● Work item
Copy the final lines exactly, starting at the one that contains "Oswestry Disability Index" and ending with the last line of the listing below. Pictures are not part of the copy.

● Data to examine
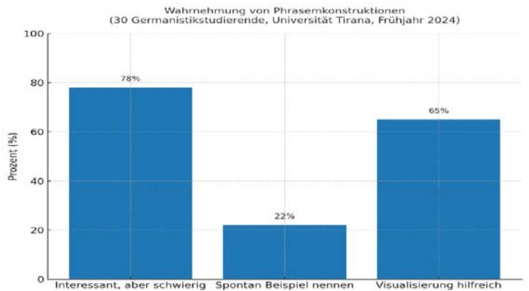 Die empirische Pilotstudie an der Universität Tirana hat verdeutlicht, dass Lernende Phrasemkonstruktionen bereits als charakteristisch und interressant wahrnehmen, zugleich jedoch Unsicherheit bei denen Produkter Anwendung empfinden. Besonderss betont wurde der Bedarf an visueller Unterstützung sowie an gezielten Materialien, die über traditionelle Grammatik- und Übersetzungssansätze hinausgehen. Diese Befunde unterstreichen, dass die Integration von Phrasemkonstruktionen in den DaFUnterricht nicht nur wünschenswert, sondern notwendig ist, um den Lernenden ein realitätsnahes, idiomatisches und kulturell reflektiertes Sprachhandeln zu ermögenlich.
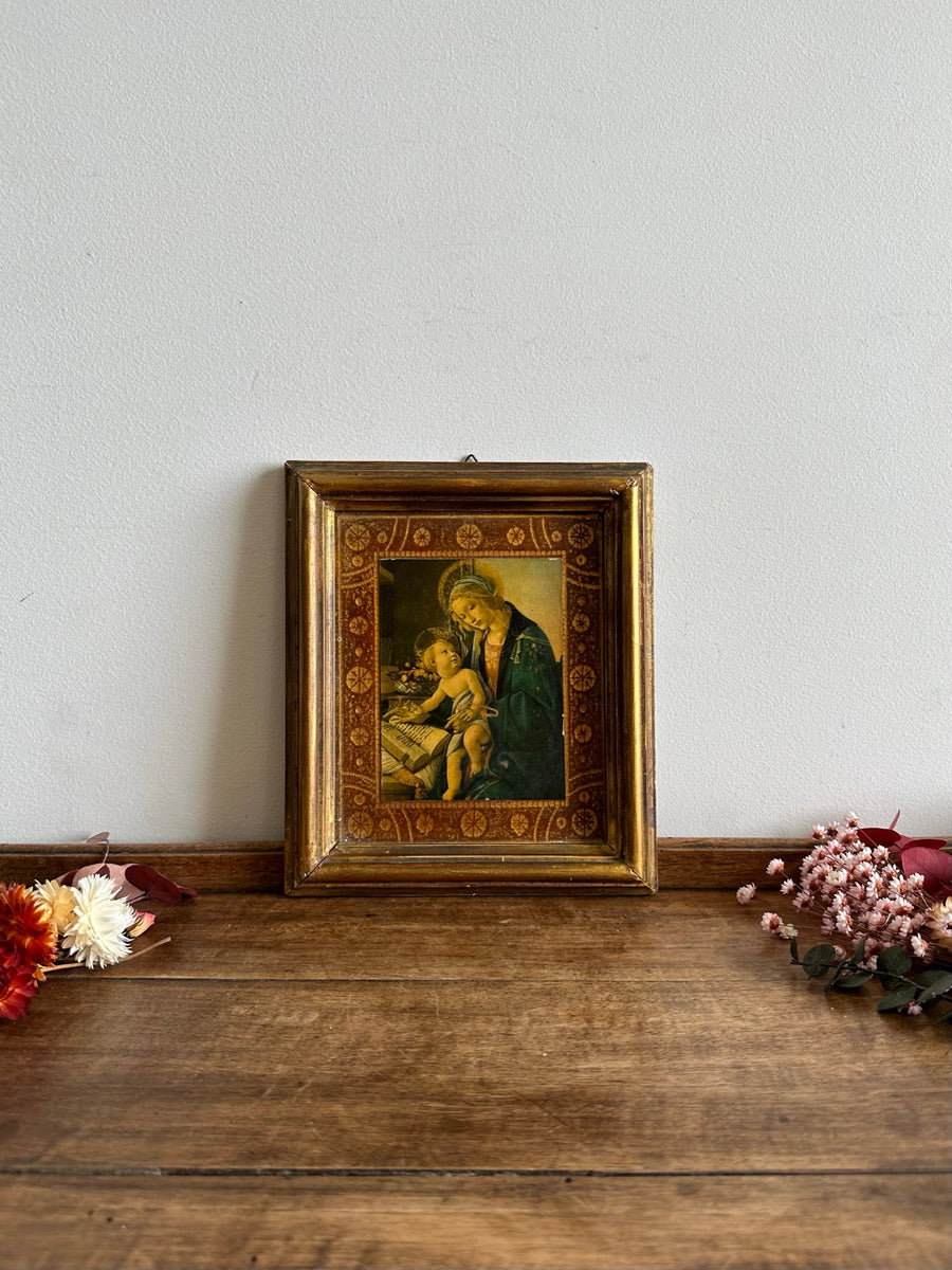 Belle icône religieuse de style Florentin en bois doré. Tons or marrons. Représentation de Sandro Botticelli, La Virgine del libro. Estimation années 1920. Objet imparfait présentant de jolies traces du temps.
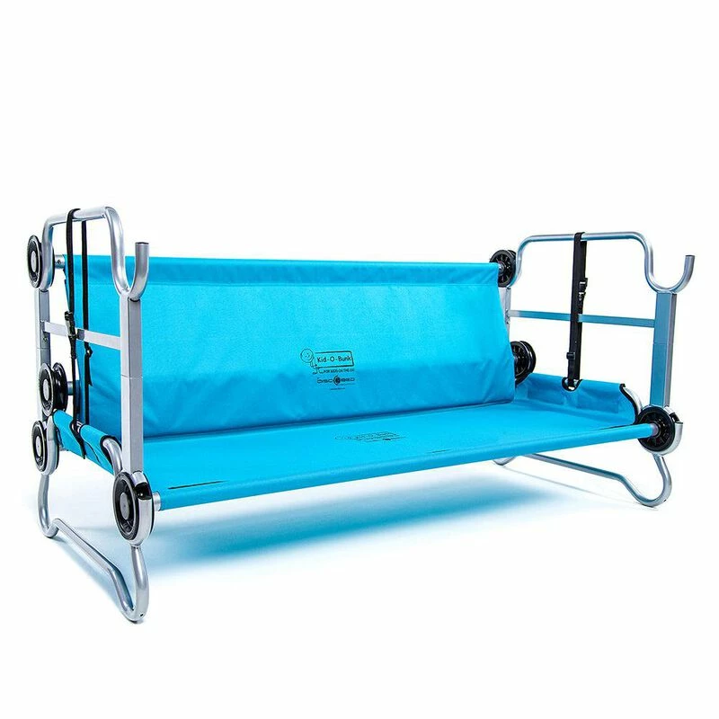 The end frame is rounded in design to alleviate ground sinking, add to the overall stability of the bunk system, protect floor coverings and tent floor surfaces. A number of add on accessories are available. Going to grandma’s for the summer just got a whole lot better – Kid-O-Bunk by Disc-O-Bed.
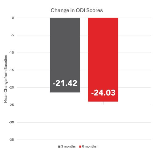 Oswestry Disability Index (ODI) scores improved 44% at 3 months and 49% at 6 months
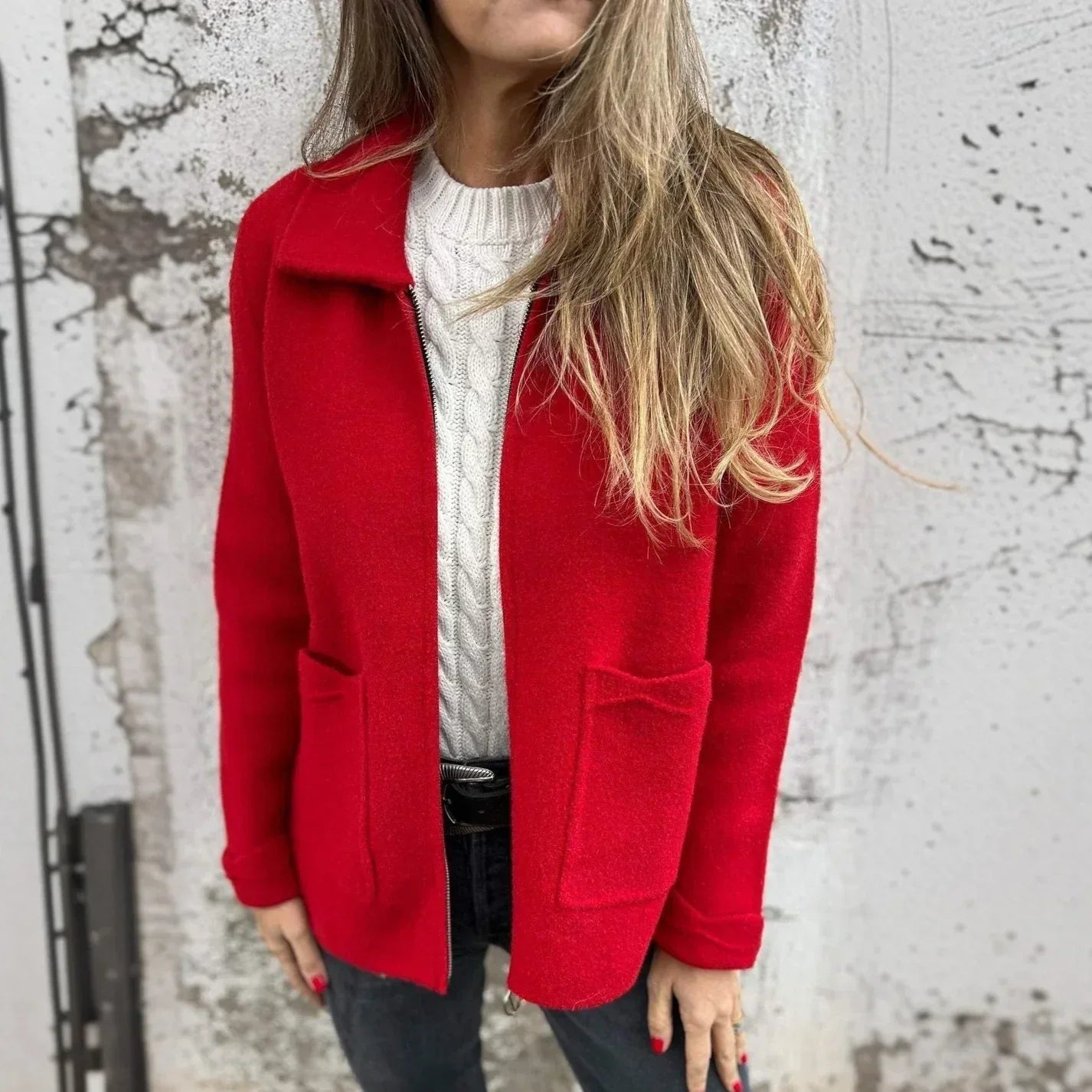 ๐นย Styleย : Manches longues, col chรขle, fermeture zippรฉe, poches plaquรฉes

● Solved exercise
 Oswestry Disability Index (ODI) scores improved 44% at 3 months and 49% at 6 months
 ๐นย Styleย : Manches longues, col chรขle, fermeture zippรฉe, poches plaquรฉes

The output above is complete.